— Requirement —
Copy out all the lines of the data precisely, omitting any pictures.

— Given information —
>>>

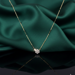 Celebrate the blossoming of a lifelong journey with the Ethereal Floret Mangalsutra, a piece that captures the delicate beauty of nature through a lens of modern luxury. This exquisite 14k rose gold necklace features a refined chain accented with traditional black beads, leading to a central pendant shaped like a graceful, six-petaled flower. At the heart of the blossom sits a brilliant-cut diamond cluster, surrounded by a delicate halo of shimmering pavé-set diamonds that trace the edge of each petal to create a mesmerizing sunburst effect. The scalloped edges and light, open-work design give the pendant a soft, feminine silhouette that honors heritage while remaining perfectly suited for contemporary styling. Handcrafted for the woman who values artisanal grace, this mangalsutra provides a radiant and sophisticated sparkle that transitions effortlessly from elegant daily wear to formal celebratory occasions.
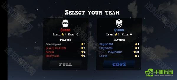 接下来需要从ROBBERS劫匪和COPS警察这两个阵营里挑选一个加入。
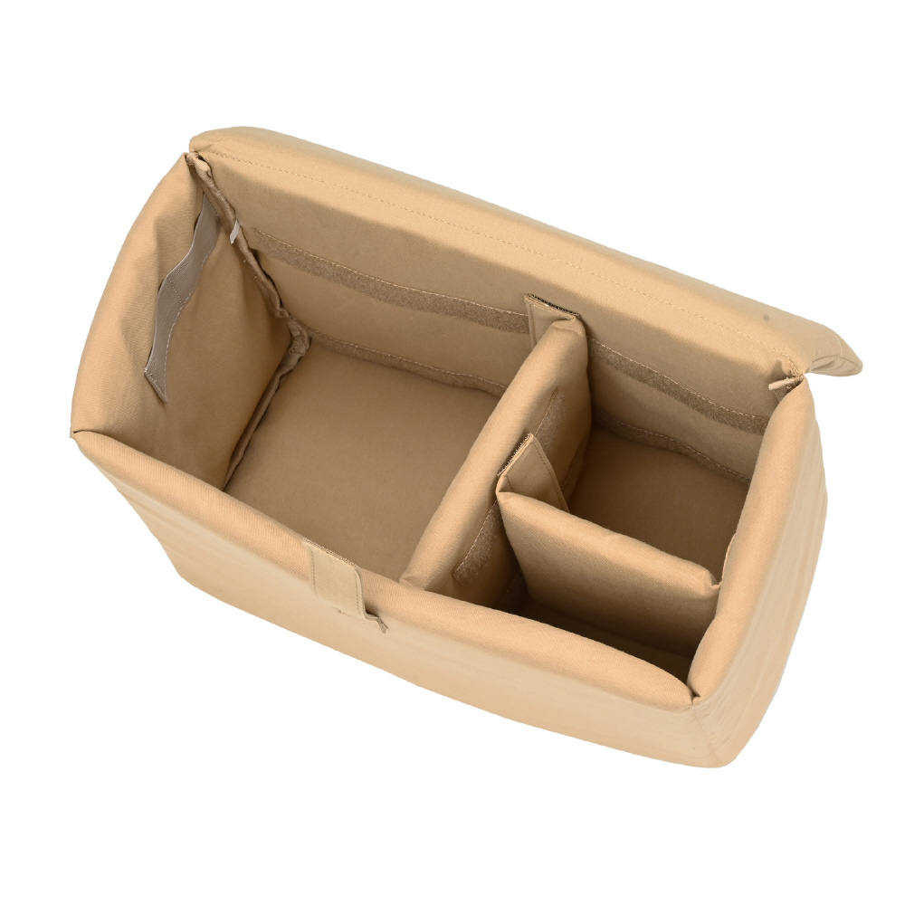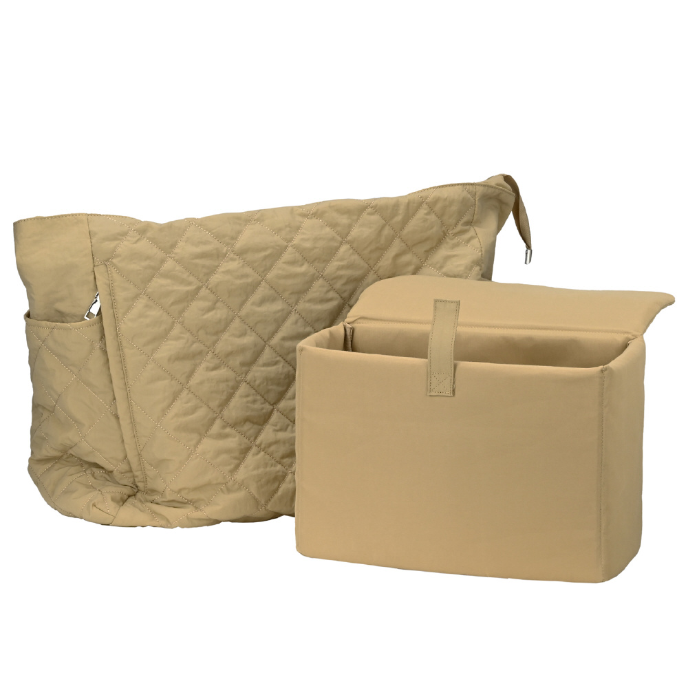 ナチュラルな雰囲気の大きめキルティングトートバッグに、同色のカメラインナーボックスをセット。軽量な生地を使用した、ソフトな手触りのトートバッグです。カメラインナーは衝撃に強い10mm厚の蓋付きボックスタイプ。
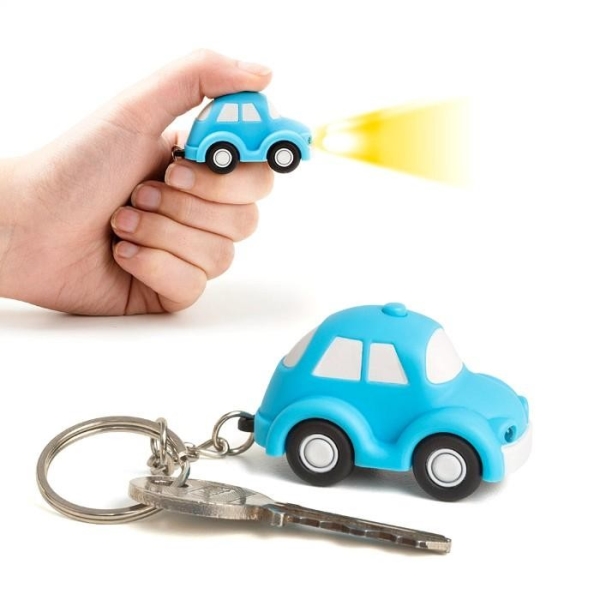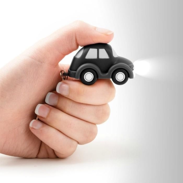 מחזיק מפתחות בצורת מכונית מדליקה עם פנס מאיר.

<<<

— Answer section —
 Celebrate the blossoming of a lifelong journey with the Ethereal Floret Mangalsutra, a piece that captures the delicate beauty of nature through a lens of modern luxury. This exquisite 14k rose gold necklace features a refined chain accented with traditional black beads, leading to a central pendant shaped like a graceful, six-petaled flower. At the heart of the blossom sits a brilliant-cut diamond cluster, surrounded by a delicate halo of shimmering pavé-set diamonds that trace the edge of each petal to create a mesmerizing sunburst effect. The scalloped edges and light, open-work design give the pendant a soft, feminine silhouette that honors heritage while remaining perfectly suited for contemporary styling. Handcrafted for the woman who values artisanal grace, this mangalsutra provides a radiant and sophisticated sparkle that transitions effortlessly from elegant daily wear to formal celebratory occasions.
 接下来需要从ROBBERS劫匪和COPS警察这两个阵营里挑选一个加入。
 ナチュラルな雰囲気の大きめキルティングトートバッグに、同色のカメラインナーボックスをセット。軽量な生地を使用した、ソフトな手触りのトートバッグです。カメラインナーは衝撃に強い10mm厚の蓋付きボックスタイプ。
 מחזיק מפתחות בצורת מכונית מדליקה עם פנס מאיר.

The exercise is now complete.